**WHAT TO WORK ON**
Once the line containing "Men Printed Round" is found, please copy it and all lines after it through the end of the records, exactly, leaving out pictures.

**DATA SECTION**
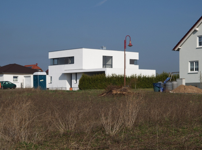 Im Jahr 1996 ist der Bebauungsplan von der Gemeinde für das Baugebiet aufgestellt worden. Die Bauinteressenten kamen nicht wie erhofft; lediglich ein Drittel der Baufelder sind bebaut. Für die Bauherren, seit Kindheit mit dem Ort verbunden, hat sich die Frage nicht gestellt, den Ort zu verlassen. Jedoch musste früh in der Entwurfsphase festgestellt werden, dass unter Einhaltung der Festlegungen im Bebauungsplan, Kostenbudget und das notwendige Raumprogramm für eine Familie mit drei Kindern nicht in Einklang zu bringen waren.
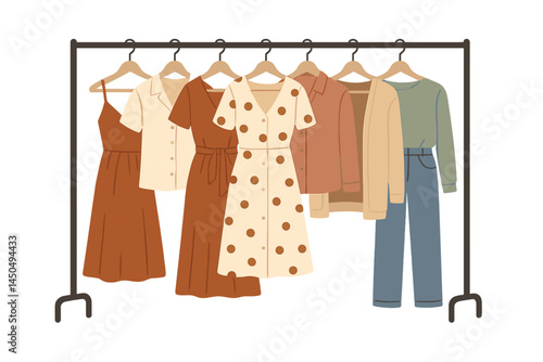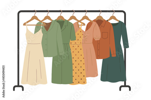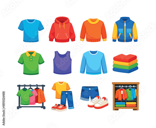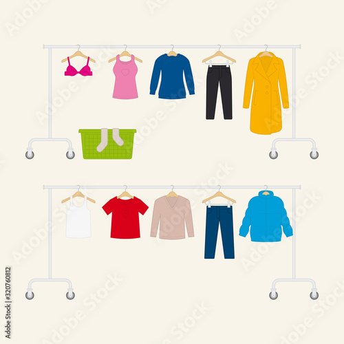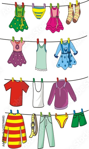 Набор белья, плоская векторная иллюстрация, изолированная на белом фоне. Корзина для белья. Куча грязной одежды. Чистая и грязная белая и цветная мужская одежда, полотенца. Выстиранная одежда висит на бельевой веревке.
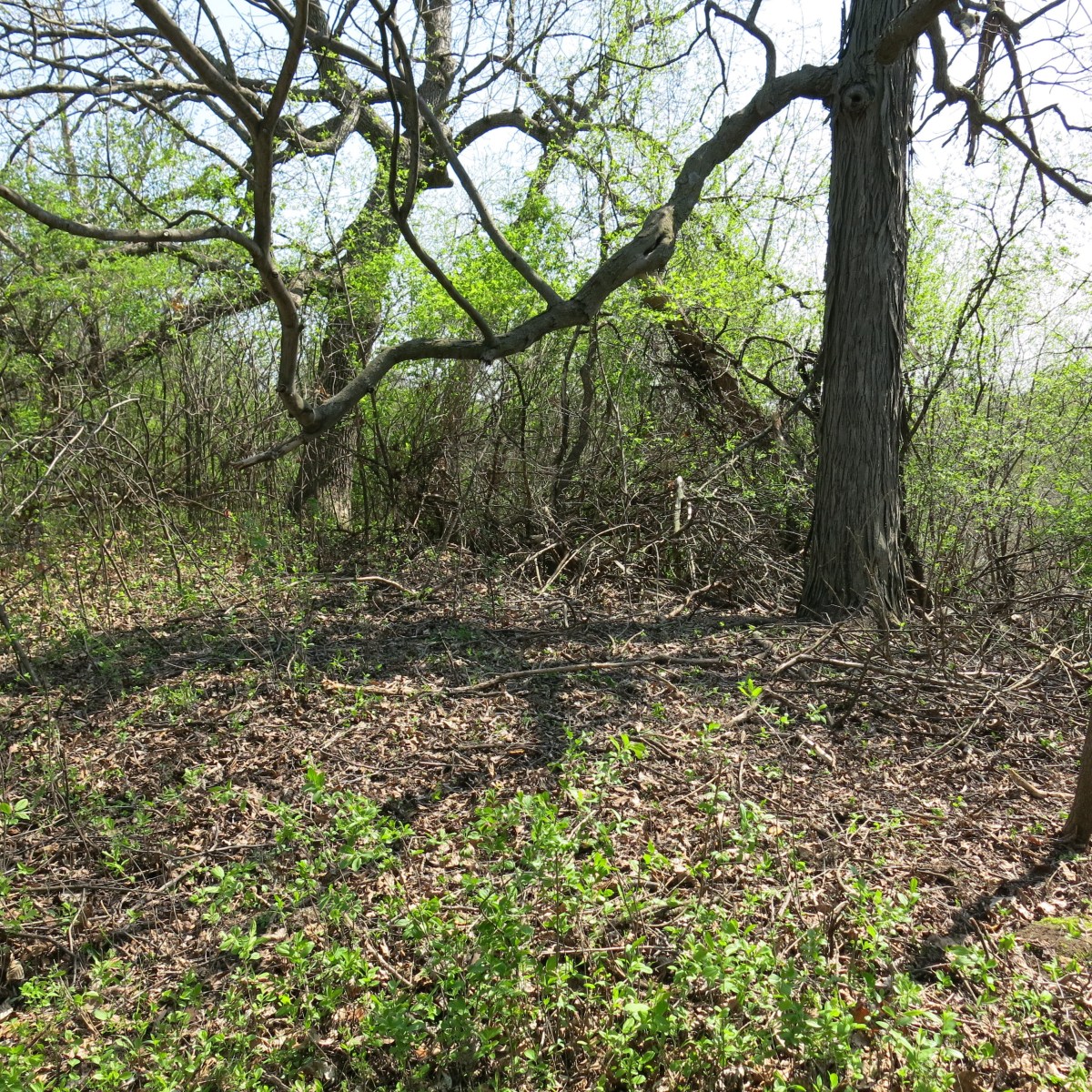 Using only hand tools we managed to clear a lot of brush, including the area around this beautiful hickory and the white oak shown below
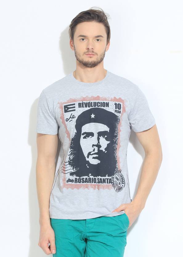 Men Printed Round Neck Cotton Blend Grey T-Shirt
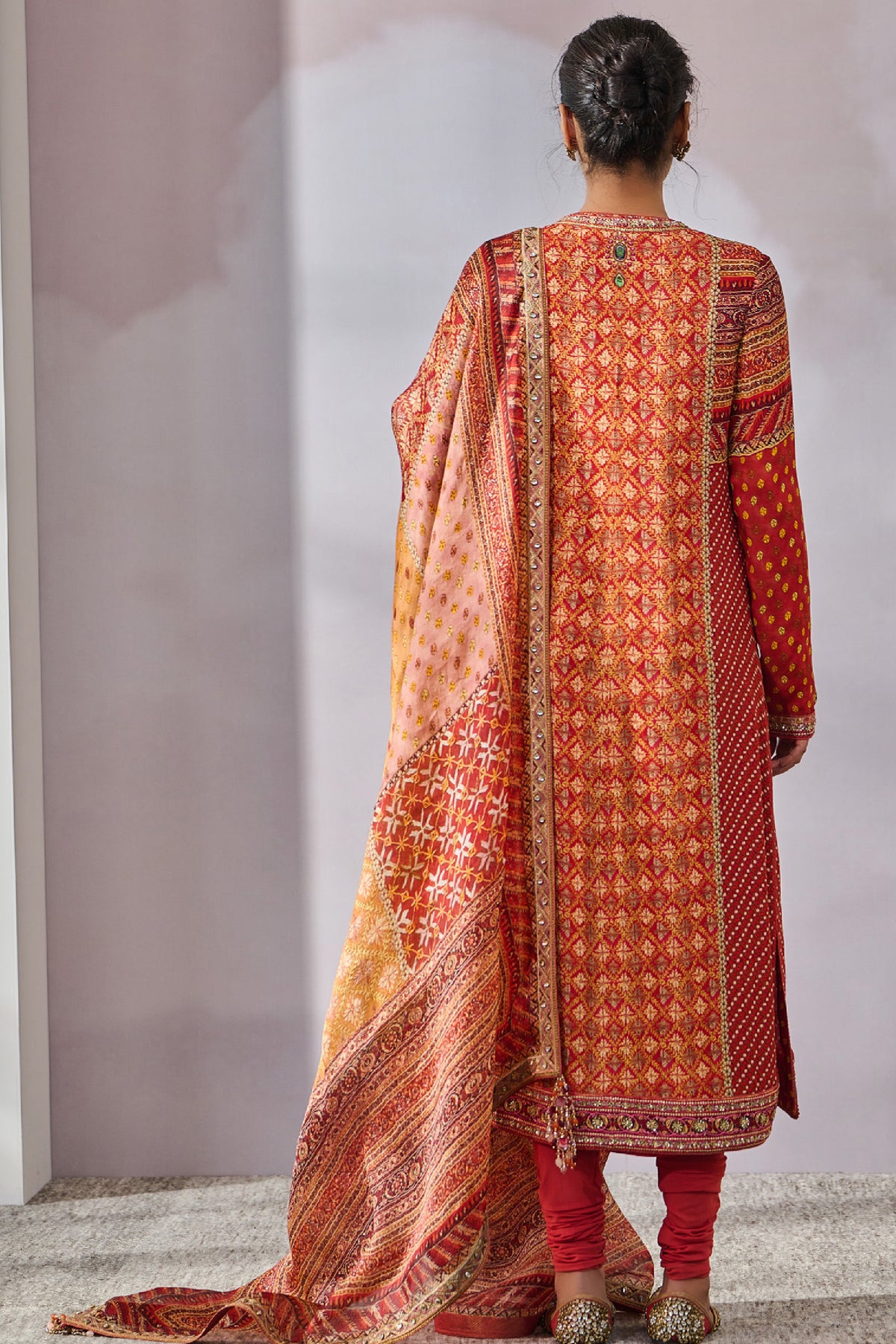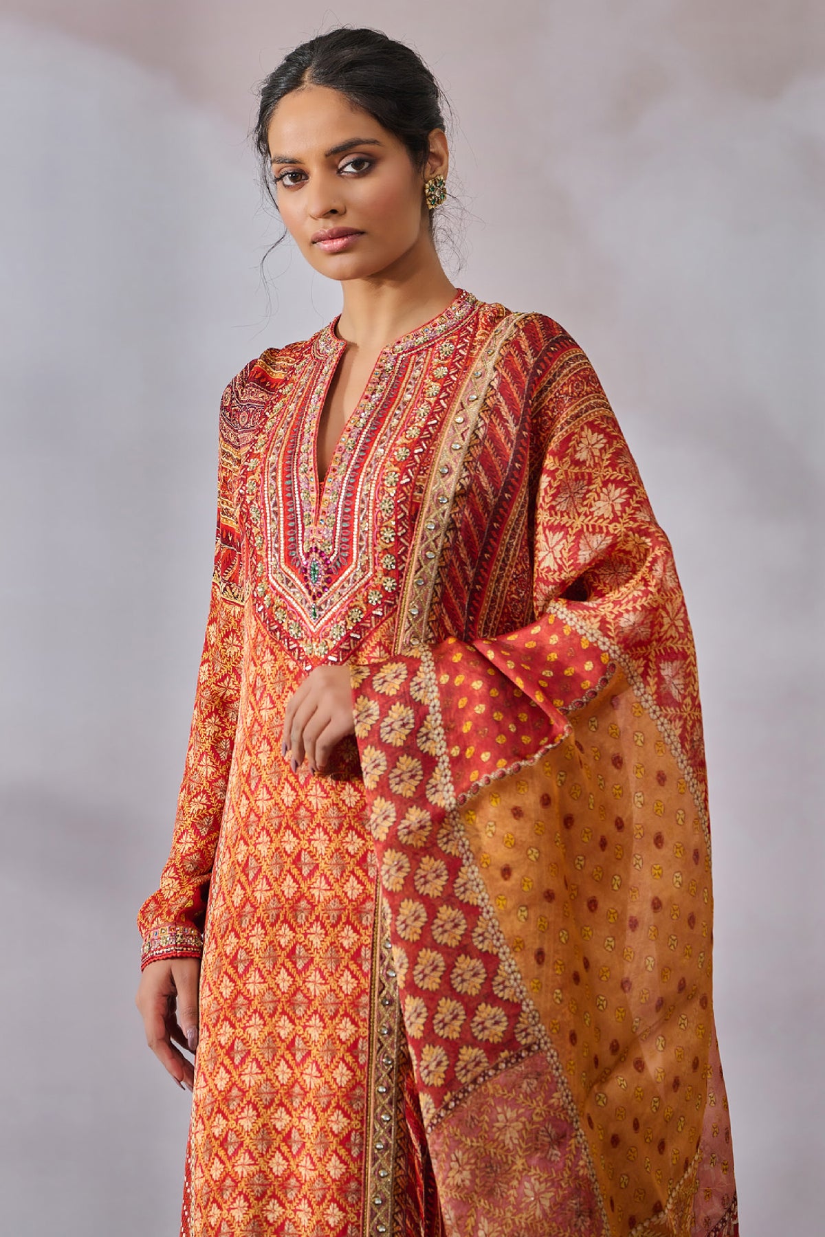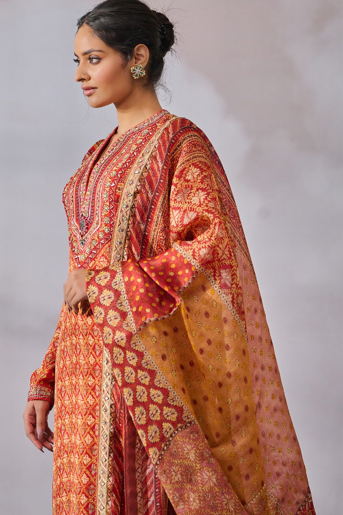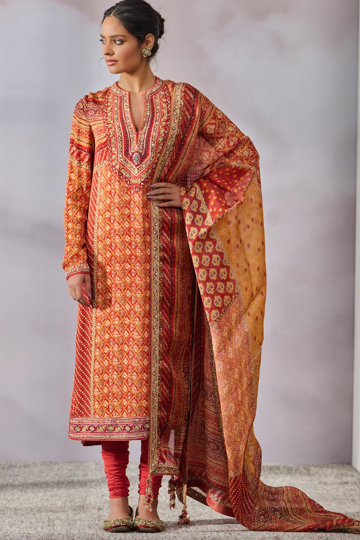 Classic kurta with hand embroidery on a phulkari inspired print is paired with a churidar and dupatta.
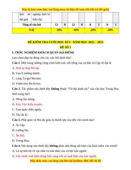 Câu 1. Một trong những công trình kiến trúc nổi tiếng của cư dân Ai Cập cổ đại là A. Kim tự tháp Kê-ốp. B. Vạn lí trường thành. C. Lăng Ta-giơ Ma-han. D. Vườn treo Ba-bi-lon.
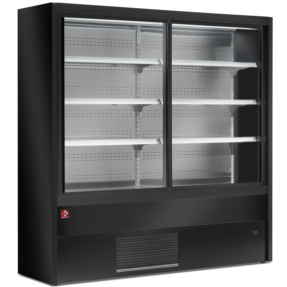 Le murale réfrigéré ventilé DIAMOND PD10/B5-R2C est l'équipement idéal pour les commerces souhaitant allier performance de conservation et attractivité visuelle. Conçu pour les produits frais comme les sandwiches, les produits laitiers, les fromages ou les boissons, ce modèle noir élégant s'intègre parfaitement dans les espaces de vente en libre-service. Son système de réfrigération ventilé garantit une température homogène entre 0° et +2°C, préservant la fraîcheur et la qualité des aliments tout en respectant les normes d'hygiène les plus strictes. Avec son groupe compresseur intégré et son fluide frigorigène R290 écologique, il offre une solution à la fois performante et durable pour les professionnels exigeants.
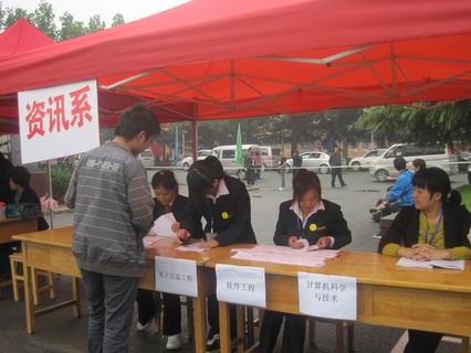 9月15日,持续了多日的连绵秋雨终于停了下来,天空露出了笑脸,阵阵桂香在校园中弥漫。在这特殊的一天里,全院迎来了2011级新生报到的高潮。为此,资讯系团委员工会全体成员着装整齐,分工明确,在我系行政秘书陈刚老师的带领下,早上7:00就在行政楼前、思源会馆西门、体育馆等地设好接待点,随时准备为新生提供细致热情的服务。
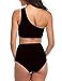 Design: 2 pieces sporty swimsuits: One shoulder bikini top with high waiested bottom;

**EXPECTED OUTPUT**
 Men Printed Round Neck Cotton Blend Grey T-Shirt
 Classic kurta with hand embroidery on a phulkari inspired print is paired with a churidar and dupatta.
 Câu 1. Một trong những công trình kiến trúc nổi tiếng của cư dân Ai Cập cổ đại là A. Kim tự tháp Kê-ốp. B. Vạn lí trường thành. C. Lăng Ta-giơ Ma-han. D. Vườn treo Ba-bi-lon.
 Le murale réfrigéré ventilé DIAMOND PD10/B5-R2C est l'équipement idéal pour les commerces souhaitant allier performance de conservation et attractivité visuelle. Conçu pour les produits frais comme les sandwiches, les produits laitiers, les fromages ou les boissons, ce modèle noir élégant s'intègre parfaitement dans les espaces de vente en libre-service. Son système de réfrigération ventilé garantit une température homogène entre 0° et +2°C, préservant la fraîcheur et la qualité des aliments tout en respectant les normes d'hygiène les plus strictes. Avec son groupe compresseur intégré et son fluide frigorigène R290 écologique, il offre une solution à la fois performante et durable pour les professionnels exigeants.
 9月15日,持续了多日的连绵秋雨终于停了下来,天空露出了笑脸,阵阵桂香在校园中弥漫。在这特殊的一天里,全院迎来了2011级新生报到的高潮。为此,资讯系团委员工会全体成员着装整齐,分工明确,在我系行政秘书陈刚老师的带领下,早上7:00就在行政楼前、思源会馆西门、体育馆等地设好接待点,随时准备为新生提供细致热情的服务。
 Design: 2 pieces sporty swimsuits: One shoulder bikini top with high waiested bottom;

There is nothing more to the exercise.